Patchwork manual: Update alloca and variable length array documentation

login
register
mail settings
Submitter Florian Weimer
Date Aug. 11, 2017, 9:53 a.m.
Message ID <63922f93-860a-249a-c14c-7efea3a3189b@redhat.com>
Download mbox | patch
Permalink /patch/22071/
State New
Headers show

Comments

Florian Weimer - Aug. 11, 2017, 9:53 a.m.
I'm resubmitting my old documentation patch (from early 2016) for
reconsideration.

I reinstated the mention of GNU compiler compatibility for strdupa and
strndupa.

Thanks,
Florian
Carlos O'Donell - Aug. 11, 2017, 12:41 p.m.
On 08/11/2017 05:53 AM, Florian Weimer wrote:
> I'm resubmitting my old documentation patch (from early 2016) for
> reconsideration.
> 
> I reinstated the mention of GNU compiler compatibility for strdupa and
> strndupa.

Can you pleas provide a reference to previous reviews and dicussions so
I can look over what was covered or rejected?

Thanks.

c.
Florian Weimer - Aug. 11, 2017, 12:52 p.m.
On 08/11/2017 02:41 PM, Carlos O'Donell wrote:
> On 08/11/2017 05:53 AM, Florian Weimer wrote:
>> I'm resubmitting my old documentation patch (from early 2016) for
>> reconsideration.
>>
>> I reinstated the mention of GNU compiler compatibility for strdupa and
>> strndupa.
> 
> Can you pleas provide a reference to previous reviews and dicussions so
> I can look over what was covered or rejected?

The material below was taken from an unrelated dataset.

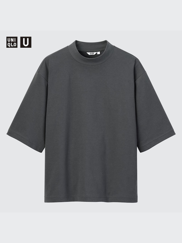 エアリズムコットンオーバーサイズモックネックT(5分袖)
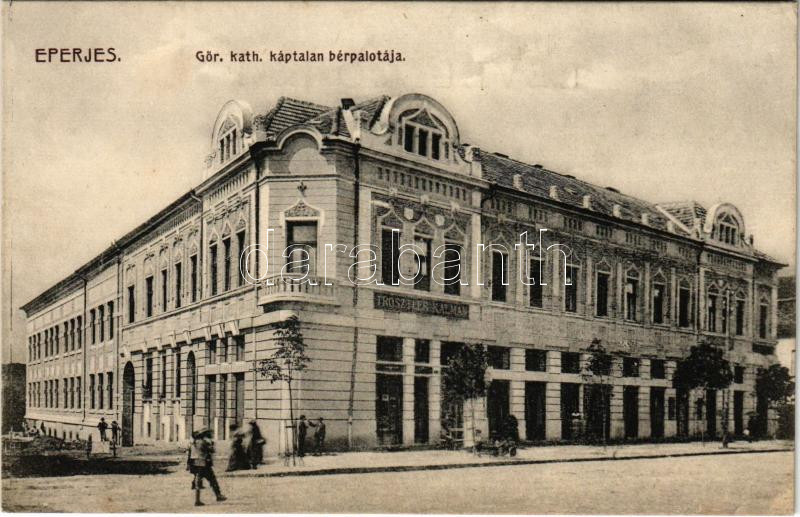 Eperjes, Presov; Görögkatolikus káptalan bérpalotája, Trosztler Kálmán üzlete. Divald Károly fia / palace of the Greek Catholic Cathedral chapter, shop

I think this was the old thread:

  <https://sourceware.org/ml/libc-alpha/2016-01/msg00019.html>

Florian
Carlos O'Donell - Aug. 11, 2017, 1:11 p.m.
On 08/11/2017 05:53 AM, Florian Weimer wrote:
> I'm resubmitting my old documentation patch (from early 2016) for
> reconsideration.
> 
> I reinstated the mention of GNU compiler compatibility for strdupa and
> strndupa.

Thanks for the updated reference to the previous conversation with Paul Eggert.
I read that as a reference for this review.

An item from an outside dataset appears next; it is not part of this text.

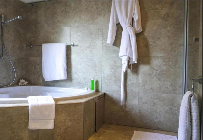Luxury Suite is furnished with a Queen-size bed. The en-suite bathroom is fitted with a bath, shower, toilet and basin. Each room has a tea and coffee station, Wi-Fi, air-conditioning, bathrobes, a desk, safe and satellite TV. Breakfast is available.

The changes look good to me, they are better than what we had before.

At a high level we are removing the limitation about use in parameter lists,
and adding warnings about security, all good to me.

Cheers,
Carlos.
Florian Weimer - Aug. 11, 2017, 1:28 p.m.
On 08/11/2017 03:11 PM, Carlos O'Donell wrote:
> On 08/11/2017 05:53 AM, Florian Weimer wrote:
>> I'm resubmitting my old documentation patch (from early 2016) for
>> reconsideration.
>>
>> I reinstated the mention of GNU compiler compatibility for strdupa and
>> strndupa.
> 
> Thanks for the updated reference to the previous conversation with Paul Eggert.
> I read that as a reference for this review.
> 
> The changes look good to me, they are better than what we had before.
> 
> At a high level we are removing the limitation about use in parameter lists,
> and adding warnings about security, all good to me.

What about this node name?

@c Node name preserved for backwards compatibility; the correct
@c terminology is ``variable length array''.
@node GNU C Variable-Size Arrays
@subsubsection ISO C Variable Length Arrays
@cindex variable length arrays

Should I change it, potentially invalidating hyperlinks?

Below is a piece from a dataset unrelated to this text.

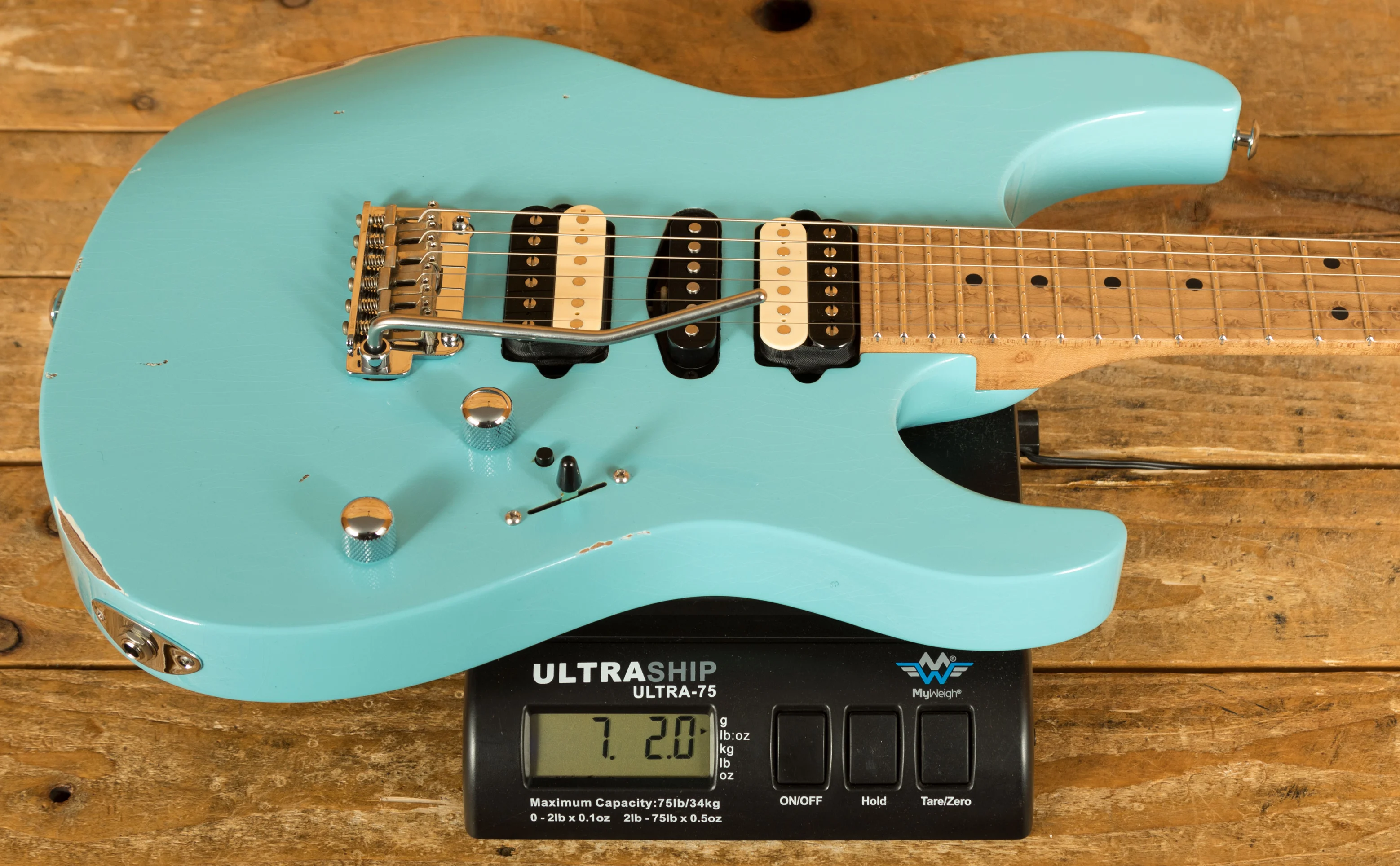 Sporting a roasted Alder Modern body in a gorgeous Dahne Blue - expertly aged to stylishly reveal the wood grain beneath, this pastel-esque colour matches amazingly with the Zebra pickup bobbins that hold the main source of sonic goodness. A set of SSV(neck), ML Standard(middle), and SSH Plus(bridge) pickups offer a wide selection of tones right at the players fingertips. From rock and metal prowess, to vintage warmth, to punchy jazz, you'll be sure to find the right voice - especially when you look at the control options. With a 5-way blade switch and push-pull coil split for both humbuckers, the options don't stop coming. Add on the secret weapon that is the Blower Switch circuit - a tool to override your output with the bridge pickup wired straight to the jack with a single button press - and you have yourself a sonic machine ready for any situation!

The node name is quite visible even in the HTML version.

Thanks,
Florian
Paul Eggert - Aug. 11, 2017, 6:28 p.m.
Thanks, this looks good, with one quibble:
> +Compared to @code{malloc}, variable length arrays share the same
> +advantages and disadvantages as @code{alloca}.  In particular, there is
> +no error checking (and security vulnerabilities can result from large
> +allocation requests), and some @nongnusystems{} do not support variable
> +length arrays because they only support earlier versions of ISO C which
> +do not include variable length arrays.

The last 2 lines are obsolete. Although C99 required VLAs, a standard 
C11 implementation that defines __STDC_NO_VLA__ need not support VLAs. I 
suggest removing " because they only support earlier versions of ISO C 
which do not include variable length arrays".

Patch

manual: Update alloca and variable length array documentation

2017-08-11  Florian Weimer  <fweimer@redhat.com>

	* manual/memory.texi (Variable Size Automatic): Document
	interaction between alloca and variable length arrays.  Mention
	function inlining.  Remove obsolete warning about alloca in
	function parameter lists.
	(Advantages of Alloca): Note that alloca is async-signal-safe.
	Mention C++ destructors and lack of length checking in open2.
	(Disadvantages of Alloca): Clarify consequences of the lack of
	error checking.  Do no mention the non-existing alloca emulation.
	(GNU C Variable-Size Arrays): Switch terminology from GNU C
	variable-sized arrays to ISO C variable length arrays.  Mention
	security aspect and aliasing violations.  Clarify loop behavior.
	Remove NB, now part of the alloca documentation.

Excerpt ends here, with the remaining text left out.